Наташа тихо и серьезно ответила:

– Потому что чую ее за спиной. Да, милый, я умру. Это для меня ясней ясного.

У Крынина сжалось сердце.

– Полно, Наташа! – перебил он ее.

– Нет, нет, милый, правда! – терпеливо сказала она и схватила его за руку, будто боялась, что он начнет возражать ей. – Это – правда. Оттого я и не огорчаюсь, что ты не любишь меня. Мне важно только то, что я люблю тебя, Это странно, быть может, но это так. И я хотела бы, чтобы не оставался в живых он… твой. Пусть он умрет вместе со мною. На земле ему будет холодно.

– Полно, Наташа! – снова и робко говорил Крынин.

– Нет, милый, так, так. Все будет так, как я говорю.

Становилось холоднее, и, чтобы согреться, они начинали ходить но саду, спускались к пруду и, набирая в калоши снега, смеясь и падая, скользили по льду. Как-то незаметно, по-детски, изменялось настроение, – все тяжелое и нудное куда-то уходило.

Медленно, переходя по краям неба в густо-фиолетовые тона, протекал зимний вечер.

Когда сад закрывался, они, озябшие, в припадке ребяческого шаловливого задора, бежали греться на почту. Там в это время бывало уже темно: освещались только телеграф и продажа марок. За другими закрытыми окнами шла суетня: разговаривая и сердясь, шлепая чем-то тяжелым по полу, чиновники запаковывали мешки с корреспонденцией для почтового поезда, который уходил на север в десять часов четырнадцать минут.

Было уютно сидеть в углу темной, теплой залы, прислушиваться к шуму, смотреть, как сторож кладет в печь белые, тяжелые поленья. Все были заняты своим делом, и никто не обращал внимания на две фигуры, сидевшие на подоконнике. У тех, кто сдавал телеграммы, были сумрачные, озабоченные лица.

Бывали мгновения, когда становилось особенно ясно, что Наташа верит в чудо, ждет от него слов любви. Тогда он смотрел в ее темные, надеющиеся глаза, брал ее руки и не мог ничего сказать: забывал те слова, которые могли бы убедить Наташу, что близость и поцелуи не нужны, что в их отношениях стеною стоит холодная, бесцветная правда, что не нужно ни писем, ни упреков, ни ожиданий, что он не любит ее и только по каким-то странным, неуяснимым движениям души не в силах не отвечать на ее поцелуи, не улыбаться ее глазам, когда в них, как у звезд в морозный вечер, переливают и дрожат испуганные слезы.

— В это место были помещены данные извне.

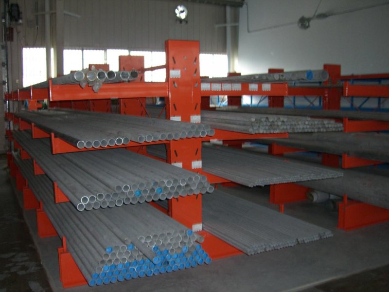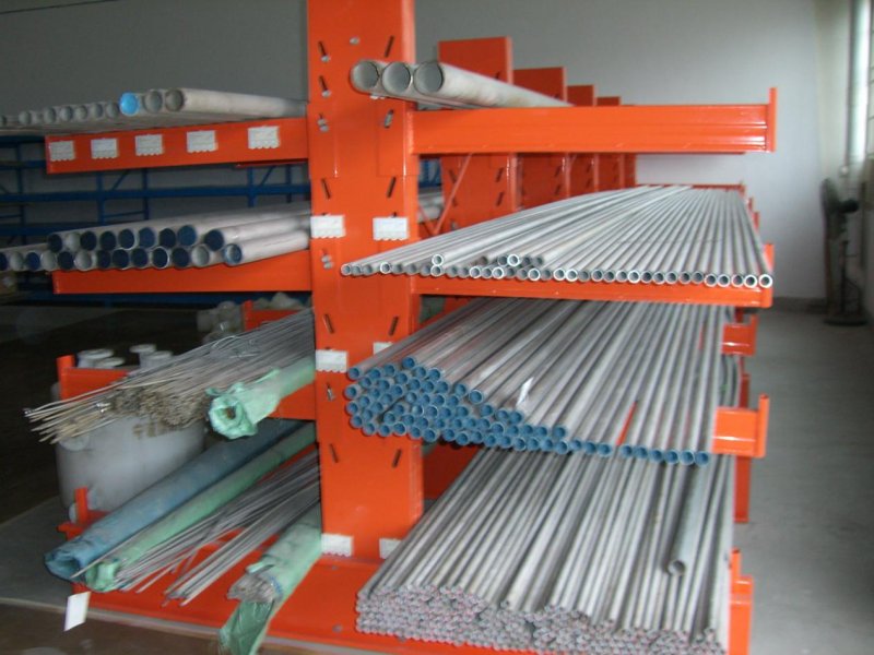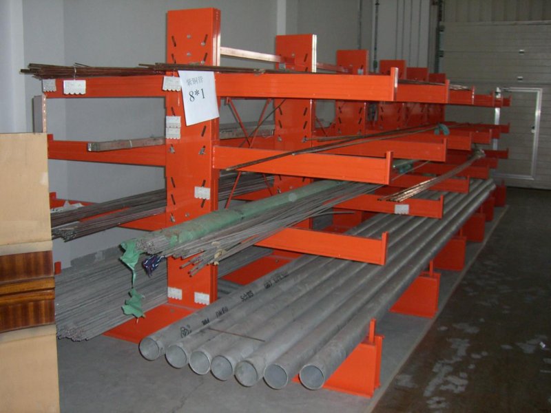 存放鋼制管件或者鋁制型材等,產品本身的長度一般為6m。輕型懸臂貨架和中型懸臂貨架是人工存放的貨架系統。通道尺寸1000-1500mm。高度一般為2m。在配套叉車使用后,高度可以做到5-12m。通道尺寸為2800-3000mm。需要使用專業叉車操作,這類貨架由于高度增加,和本身防止叉車作業風險的保護。會采用重型懸臂貨架要求設計。懸臂可以是單面或雙面,懸臂式貨架具有結構穩定,載重能力好、空間利用率高等特點。懸臂式貨架多用于機械制造行業和建材超市等。加了擱板后,特別適合空間小,高度低的庫房,管理方便,視野寬闊,利用率比普通貨架更高。懸臂式貨架是在傳統式貨架支柱上裝設外懸臂而成,是一種長形物專用的貨架。

А когда эти слова где-то в мозгу, далеко, рождались и приближались к сознанию, когда смысл их мелькал уже, вероятно, в его глазах, – тогда Наташа, как-то странно, Словно предчувствуя беду, пугалась, хватала его за руку, крепко сжимала ее и говорила:

– Не нужно, ничего не нужно. Милый, ничего не нужно. Я люблю тебя. Да, да.

VI

На вокзале перед отъездом Наташа не могла преодолеть волнения: гуляя с Крыниным по платформе, она то неожиданно останавливалась, то переставала говорить, то глядела в темноту и, казалось, что-то припоминала. А темнота там за пакгаузами, была огромная, безглазая, озлобленная на станцию и ее огни. Когда дошли до паровоза, Наташа долго и пристально глядела на огненную массу, клокотавшую внизу. Налево было темно: в туманных, вечерних очертаниях виднелись какие-то постройки, – то высокие, то низкие.

– Все – сон, – сказала Наташа, – И этот огонь – сон, и ты – сон. И ты – мой самый любимый сон. И вот этот клок волос, – седых старых волос, – тоже сон. Кажется мне, что я за него полюбила тебя и все в тебе.

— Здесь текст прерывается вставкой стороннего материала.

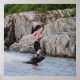Jovem se apressando em uma costa rochosa.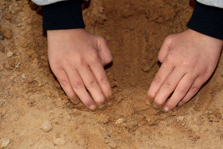 Dig a hole with your hands. A child is playing in the sandbox. Hands in the sand. Spring games.

На платформе, но обыкновению, суетилось много народу: барыни, купцы, попы. Носильщики возили багаж, и заледеневшие колеса тележки скрипели и визжали.

Когда ударил второй звонок и нужно было идти к вагону, Наташа торопливо, волнуясь, сказала:

– Ты мне пришли, обязательно пришли вид с горы, собор, потом фонтан, потом еще что? Что-то хотела еще… Ах, дай бог памяти… Не помню. Попаду ли я еще когда-нибудь сюда? Мне очень понравился твой город. Очень! Я помню, что ты любишь его и Петербург. Ты говорил. В нем хорошо жить. Бульвар прекрасный, летом, вероятно, тенистый, уютный.

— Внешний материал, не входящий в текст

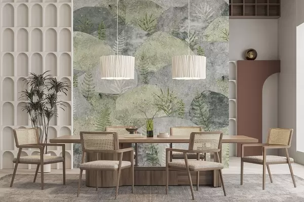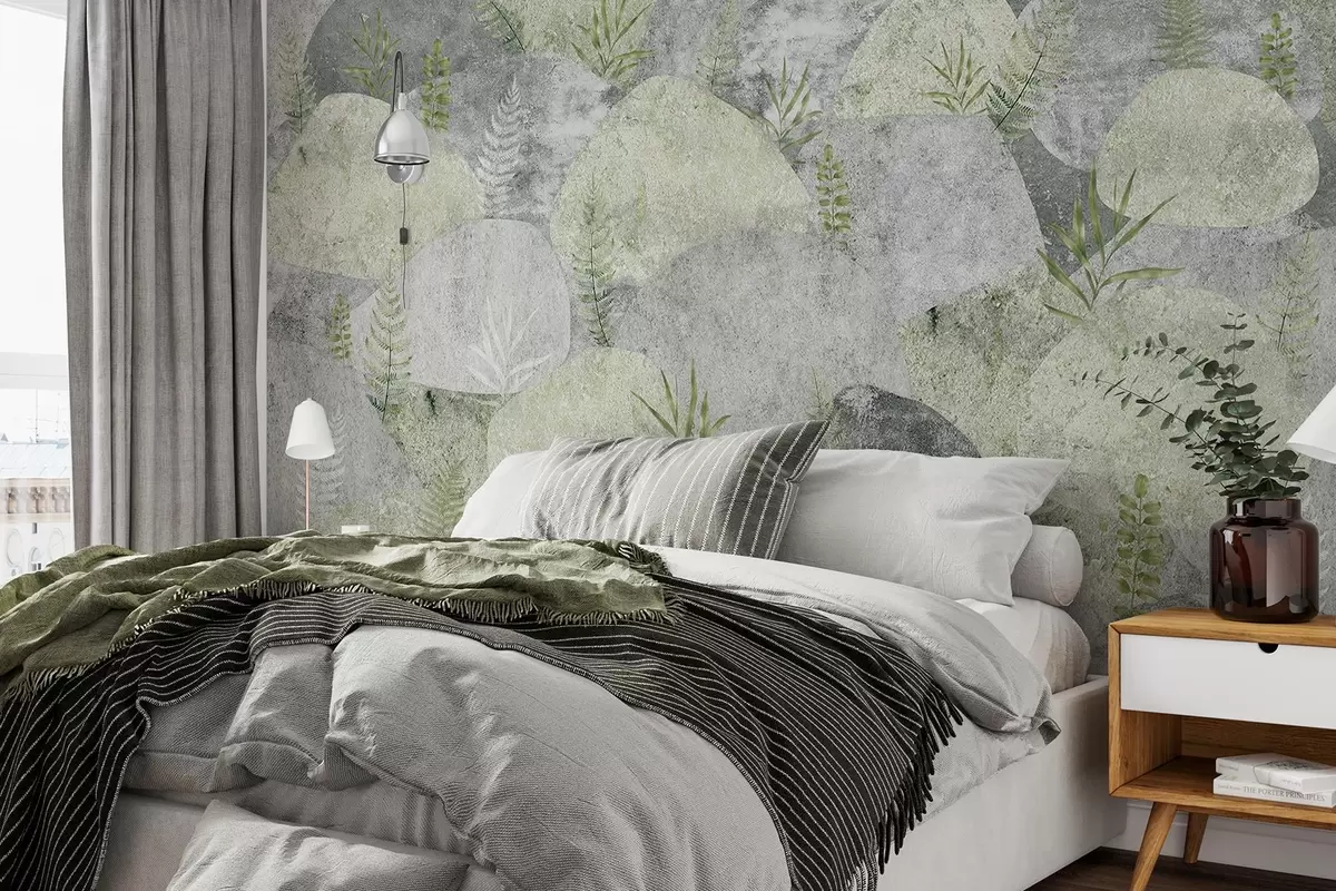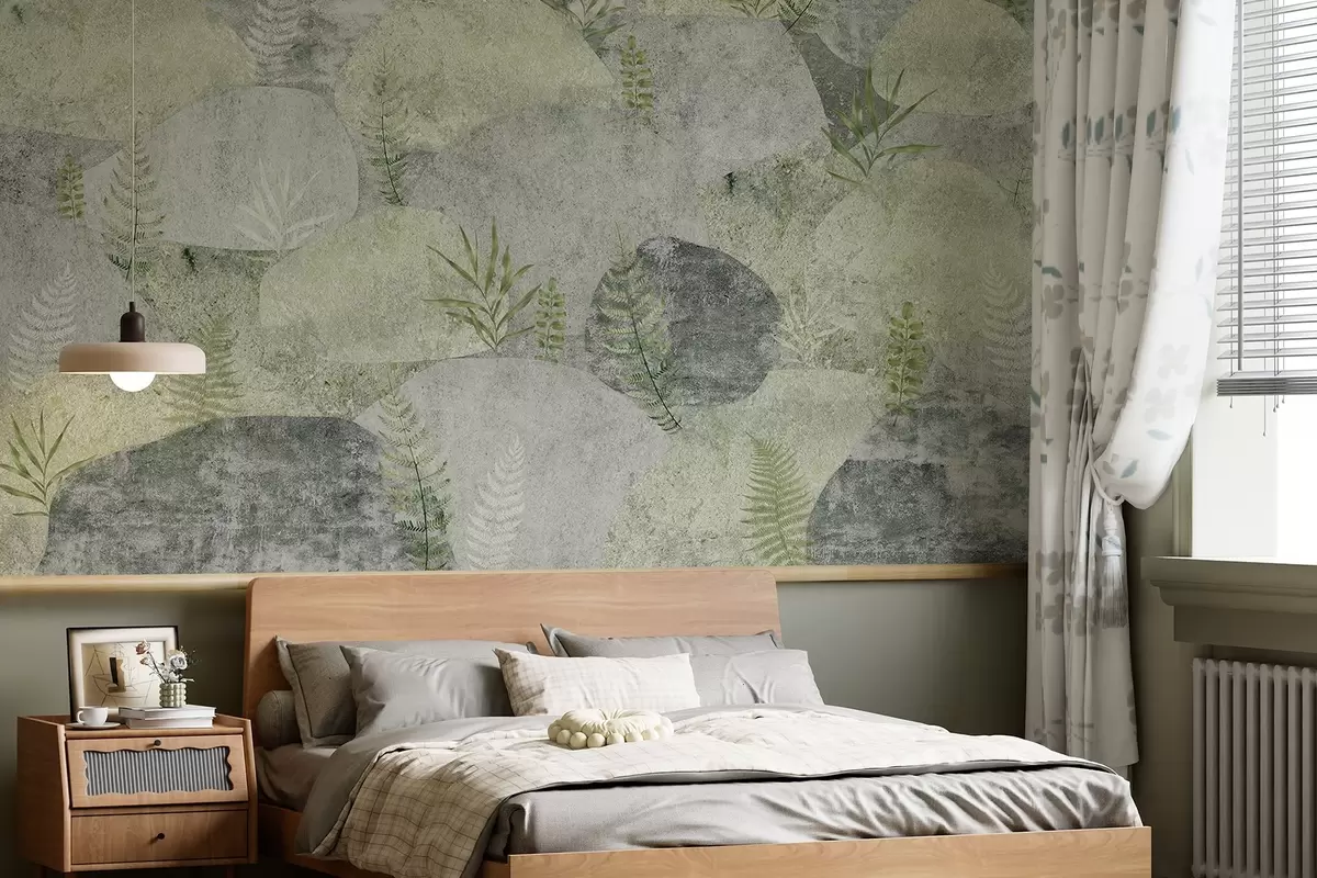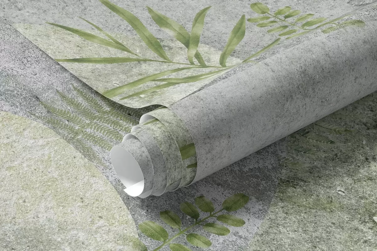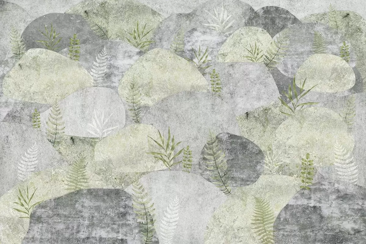 Peintures murales Pierres avec plantes, fougères, style nordique, rustique, couleurs grises et vertes Nr. w04064v2

Она смотрела на высокий, чуть заледеневший фонарь и, улыбаясь, припоминала. Было совсем ясно, что она не сказала того, зачем приехала, не сказала того, о чем думала все эти дни. И опять повезет она, как ярмо, это невысказанное, невыразимо тяжелое и тоскливое, что изменяет глаза, улыбку и даже ту радугу, сквозь которую струятся слезы человеческие. И в самый последний момент, когда уже решила все сказать, она заговорила об открытках.

Еще позвонили три раза.

Наташа вздрогнула, помутившимся взглядом скользнула по лицу Крынина, сделала порывистый шаг вперед, Остановилась и, сразу, в одно мгновение все, видимо, решив, уже спокойно пошла в вагон. На ступеньках чуть поскользнулась. Стала у двери на площадке. Молча, освещенная, глядела на Крынина.

Медленно тронулся поезд.

Крынин не заметил, как он пошел за ним, держась за ручку вагона, сбивая с ног каких-то людей, махавших носовыми платками. Он все ждал, хотел услышать то, что нужно и должно было услышать.

Кондуктор с фонарем в руках кричал ему:

– Барин! Так нельзя! так нельзя!

И было смешно это «нельзя».

А она наклонилась к нему и – счастливая, все быстрей и быстрей ускользающая, радостная оттого, что он еще с ней, – громко говорила те слова, которые он слышал во все эти три дня:

– Ты мой. Я смотрю тебе в лицо. Вижу тебя. Вижу твою душу.

Кончилась платформа, Крынин соскочил по двум каким-то ступенькам и уже бежал по насыпи. Поезд начинал спешить, чаще стучали колеса. Крынин немного отстал и видел только огромные, напряженно расширявшиеся глаза, видел руку в натянутой черной перчатке и, когда все скрылось, когда поезд пошел полным ходом, то показалось, что где-то, покрыв грохот железа, послышался звонкий, рыдающий крик.

VIII

Прошло три года.

В том же городе, на главной аллее общественного сада, сидит Крынин. Весна. Двадцать шестое апреля. Каштаны, прежде всех радующиеся солнцу, уже распустились и вверху, очень высоко, сплели полукруглую душистую крышу. Каштаны эти – очень стары, посажены еще князем Барятинским.

Уже вечереет. Часов около семи, совершенно неожиданно, налетел западный ветерок, притащил с собою, вероятно с Черного моря, компанию неуклюжих, неповоротливых туч, похожих на постаревшие облака, и теперь изредка капают теплые, крупные крапины дождя: кто надел новые соломенные шляпы, тем нужно поскорее открывать зонты и спешить домой.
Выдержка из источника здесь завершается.